The younger Frogs followed through the warmer shallow water until they were partly out of it. There is always a Biggest Frog in every pond. All the young Frogs thought how fine it would be to become the Biggest Frog of even a very small puddle, for then they could tell the others what to do. Now they looked at their leader and each said to himself, "Perhaps some day I shall begin the concert."

The Biggest Frog found a comfortable place and sat down. He toed in with his eight front toes, as well-bred frogs do, and all his friends toed in with their eight front toes. He toed out with his nine back toes, and all his friends toed out with their ten back toes. One young Yellow Brown Frog said, "How I wish I did not have that bothersome fifth toe on my left hindfoot! It is so in the way! Besides, there is such a style about having one's hind feet different." He spoke just loud enough for the Biggest Frog to hear. Any one would know from this remark that he was young and foolish, for when people are wise they know that the most beautiful feet and ears and bodies are just the way that they were first made to be.

Now the Biggest Frog swallowed a great deal of air, filled the sacs on each side of his neck with it, opened his big mouth, and sang croakily, "Frogs! Frogs! Frogs! Frogs! Frogs! Frogs! Frogs! Frogs!" And all the others sang, "Frogs! Frogs! Frogs!" as long as he. The Gulls heard it, and the Muskrats heard it, and all were happy because spring had come.

A beautiful young Green Brown Frog, who had never felt grown-up until now, tried to sing with the others, but she had not a strong voice, and was glad enough to stop and visit with the Biggest Frog's Sister. "Don't you wish we could sing as loudly as they can?" said she.

"No," answered the Biggest Frog's Sister. "I would rather sit on the bank and think about my spring work. Work first, you know, and pleasure afterward!"

"Oh!" said the Green Brown Frog. "Then you don't want to sing until your work is done?"

"You may be very sure I don't want to sing then," answered the older Frog. "I am too tired. Besides, after the eggs are laid, there is no reason for wanting to sing."

"Why not?" asked the Green Brown Frog. "I don't see what difference that makes."

"That," said the older Frog wisely, "is because you are young and have never laid eggs. The great time for singing is before the eggs are laid. There is some singing afterward, but that is only because people expect it of us, and not because we have the same wish to sing." After she had said all this, which was a great deal for a Frog to say at once, she shut her big mouth and slid her eyelids over her eyes.

There was another question which the Green Brown Frog wanted very much to ask, but she had good manners and knew that it was impolite to speak to any Frog whose eyes were not open. So she closed her own eyes and tried to think what the answer would be. When she opened them again, the Biggest Frog's Sister had hopped away, and in her place sat the Yellow Brown Frog, the same handsome young fellow who had found one of his toes in the way. It quite startled her to find him sitting so close to her and she couldn't think of anything to say, so she just looked at him with her great beautiful eyes and toed in a little more with her front feet. That made him look at them and see how pretty they were, although of course this was not the reason why she had moved them.
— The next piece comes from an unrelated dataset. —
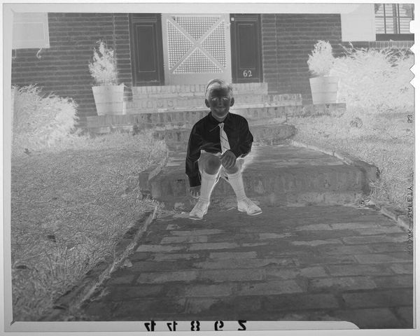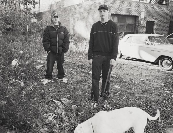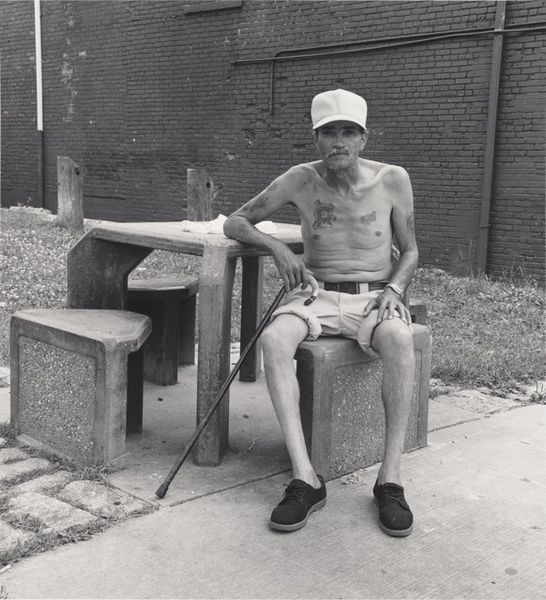 Curator: Milton Rogovin's portrait, "Jimmy Webster (Lower West Side series)" from 2002, captures its subject in striking clarity. What's your initial reaction? Editor: The black and white palette lends a strong sense of documentary realism, doesn't it? There's also a weightiness, almost a stoicism, in Jimmy Webster's stance. Curator: Rogovin's work, particularly this series, powerfully confronts issues of labor, class, and identity. He spent decades documenting working-class families, framing his work to be intentionally anthropological. Jimmy Webster and those like him are the subjects but it’s a shared narrative of their struggles. Editor: Right, and his methodology is really interesting when looking at that shared narrative. The material aspects jump out—the clothes Jimmy is wearing. This portrait is a study in textures, right down to the peeling paint of the house behind him and the snow. Curator: Absolutely, Rogovin’s empathetic approach gives his subjects agency; he challenges typical class portrayals, especially within discussions of late capitalism and urban decline, giving them a narrative voice through careful representation. It's a profound engagement with the lives and struggles of the marginalized. Editor: And how Rogovin chose to realize this is powerful; black and white photography’s intrinsic relationship with historical memory underscores this effect of witnessing, too. Curator: Precisely, Rogovin's work transcends mere photography. It offers a commentary on the intersections of poverty, labor, and urban life, resonating today, as gentrification erases whole working class existences. Editor: Looking closely, you really notice those worn and comfortable denim work pants Jimmy is wearing. There is a relationship to place through the physical objects of daily life and its surroundings. Curator: Indeed. Rogovin's unflinching portraits force us to confront systemic inequalities, reminding us of the shared humanity that transcends economic disparity and demanding social change. Editor: I am left contemplating not only Jimmy's lived experiences but how photographic representations help construct these memories. Curator: This photograph does the important work of reminding us.

The Yellow Brown Frog hopped a little nearer and sang as loudly as he could, "Frogs! Frogs! Frogs! Frogs! Frogs! Frogs! Frogs! Frogs!" Then she knew that he was singing just for her, and she was exceedingly happy. She swallowed air very fast because she seemed to be out of breath from thinking what she should answer. She wanted to ask the Biggest Frog's Sister what she should say if any one sang to her alone. She knew that if she wanted to get away from him, all she had to do was to give a great jump and splash into the water. She didn't want to go away, yet she made believe that she did, for she hopped a little farther from him.

He knew she was only pretending, though, for she hadn't hopped more than the length of a grass-blade. So he followed her and kept on singing. Because she knew that she must say something, she just opened her mouth and sang the first words that she could think of; and what she sang was, "Eggs! Eggs! Eggs! Eggs! Eggs! Eggs! Eggs! Eggs!" As it happened, this was exactly what she should have sung, so he knew that she liked him. They stayed together for a long, long time, and he sang a great deal and very loudly, and she sang a little and very softly.

After a while she remembered that she was now a fully grown Frog and had spring work to do, and she said to him, "I really must lay some eggs. I am going into the water."

"Then I will go too," said he. And they gave two great leaps and came down with two great splashes.


[Illustration]

"Then I will go too," said he.

The Green Brown Frog laid eggs for four days, and the Yellow Brown Frog stayed with her all that time and took care of the eggs after she had laid them. They were covered with a sort of green jelly which made them stick to each other as they floated in little heaps on the water. The Frogs thought that a good thing, for then, when the Tadpoles hatched, each would have playmates near.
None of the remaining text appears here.